DIRECTIONS:
Nothing but the lines below from the one holding "Orientierung (Pistenplan, Informationstafeln, Ausschilderung)" up to and including the one holding "即日起到12/17為止,使用line旅遊導購到kkday購買歐美或紐澳商品" should be copied, exactly and without pictures.

**** EXERCISE MATERIAL

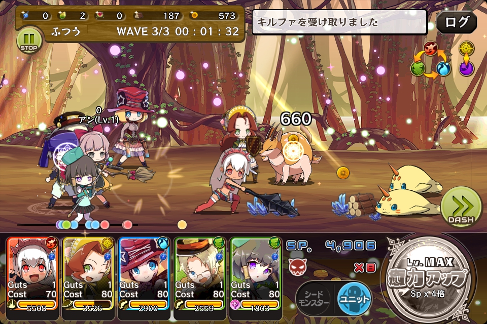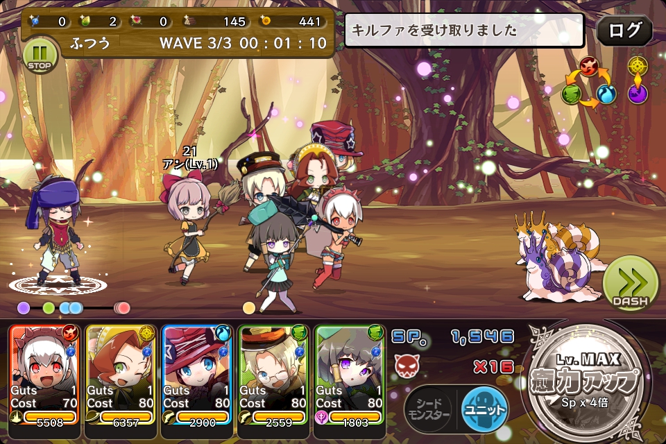後続のモンスターが追い付いてくると厄介なので、攻撃力の高い後衛ユニットで早めに倒します。
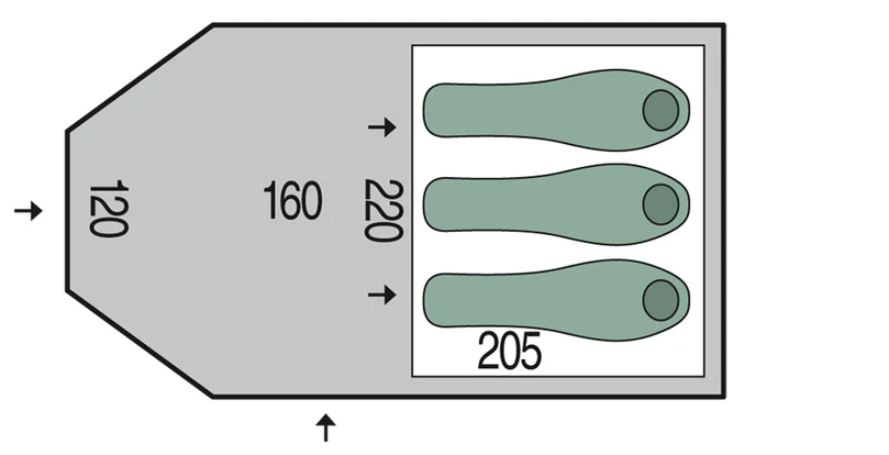 - Sisäteltan mitat 205 x 220 cm, korkeus 130 cm
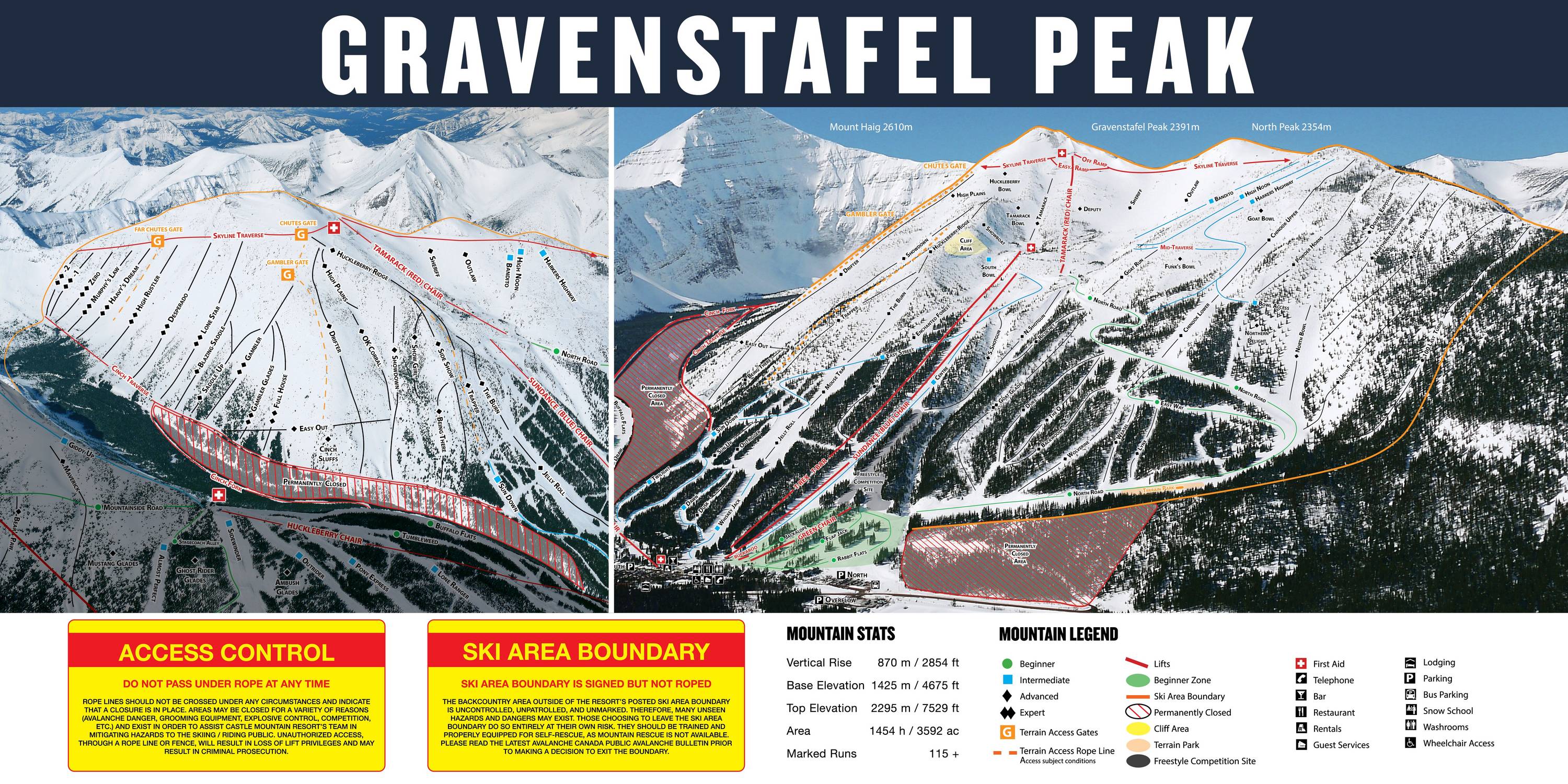Orientierung (Pistenplan, Informationstafeln, Ausschilderung) und Sicherheit im Skigebiet Castle Mountain
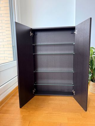 Armario auxiliar de baño de Ikea con un acabado en madera oscura. -Baldas de cristal regulables - Gran capacidad para organizar tu baño. -Muy buen estado excepto lo que se ve en la ultima foto.
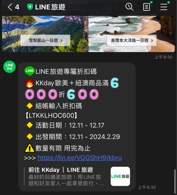 即日起到12/17為止,使用line旅遊導購到kkday購買歐美或紐澳商品
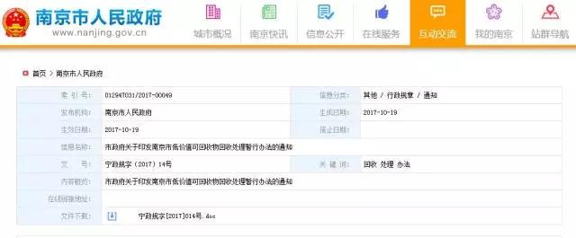 10月19日,南京市政府公布了《南京市低價(jià)值可回收物回收處理暫行辦法》,根據(jù)辦法規(guī)定,城市管理部門負(fù)責(zé)管理轄區(qū)內(nèi)低價(jià)值可回收物回收工作,并通過政府采購方式向企業(yè)購買低價(jià)值可回收物的回收、處理服務(wù)。辦法自今年11月20日起施行,有效期3年。
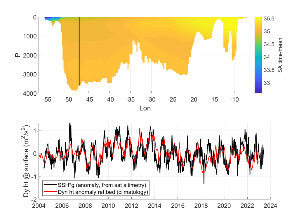 We are still in the process of validating the climatology, but initial tests are promising. In particular, it is possible to compare the dynamic height inferred from the gridded water properties to the sea surface height obtained from satellite. Even in sparsely-sampled regions this comparison shows good coherence between the two.
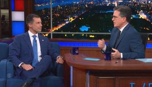 CBS’s Stephen Colbert continued his holy war against Speaker Mike Johnson on the Thursday edition of The Late Show when he welcomed Transportation Secretary Pete Buttigieg and wondered how he could possibly deal with the “awful” new Speaker.
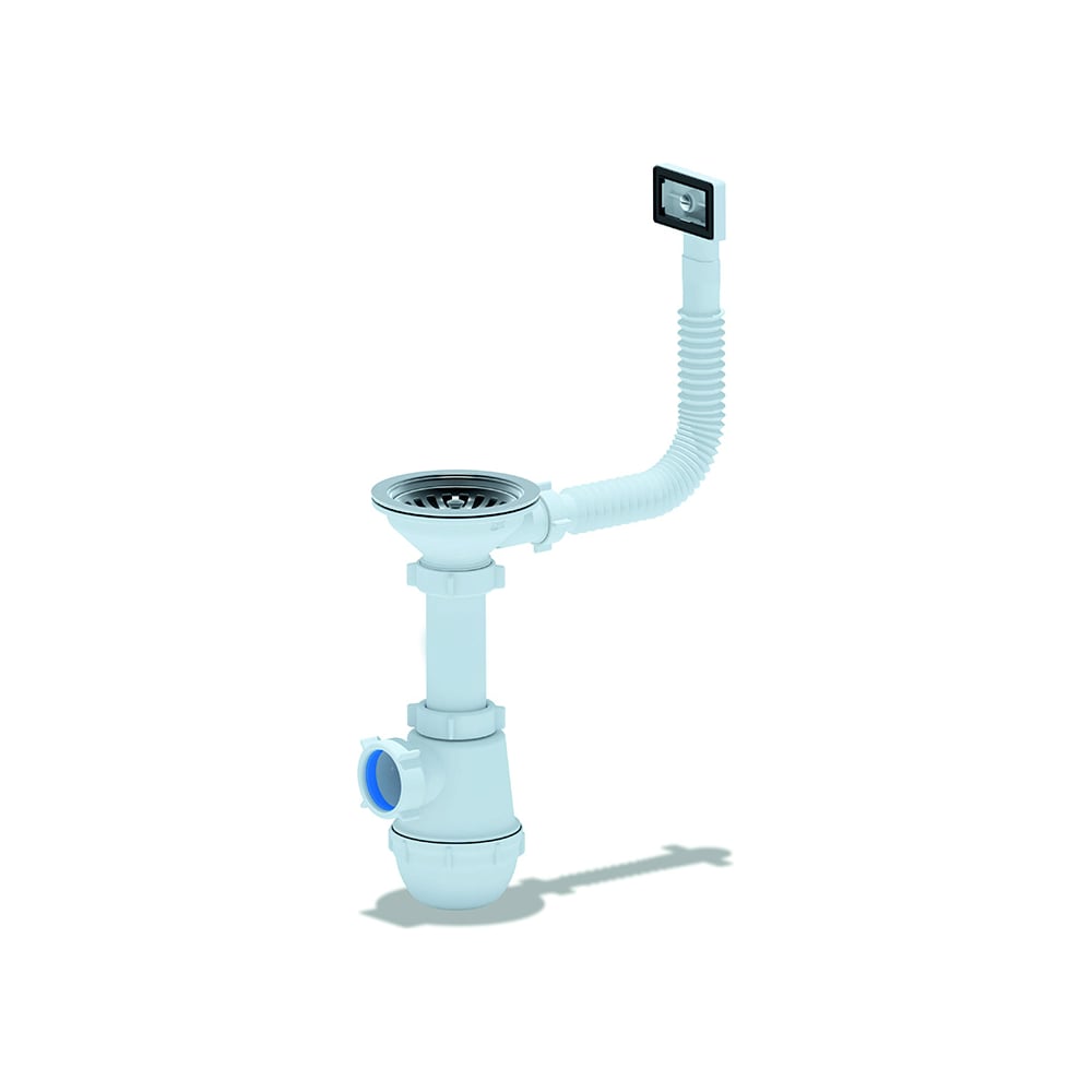 Сифон для мойки АНИ Пласт бутылочный, гибкий перелив, 3 1/2x40, нержавеющая сетка A0145S 025-0399

********

ANSWER SECTION:
Orientierung (Pistenplan, Informationstafeln, Ausschilderung) und Sicherheit im Skigebiet Castle Mountain
 Armario auxiliar de baño de Ikea con un acabado en madera oscura. -Baldas de cristal regulables - Gran capacidad para organizar tu baño. -Muy buen estado excepto lo que se ve en la ultima foto.
 即日起到12/17為止,使用line旅遊導購到kkday購買歐美或紐澳商品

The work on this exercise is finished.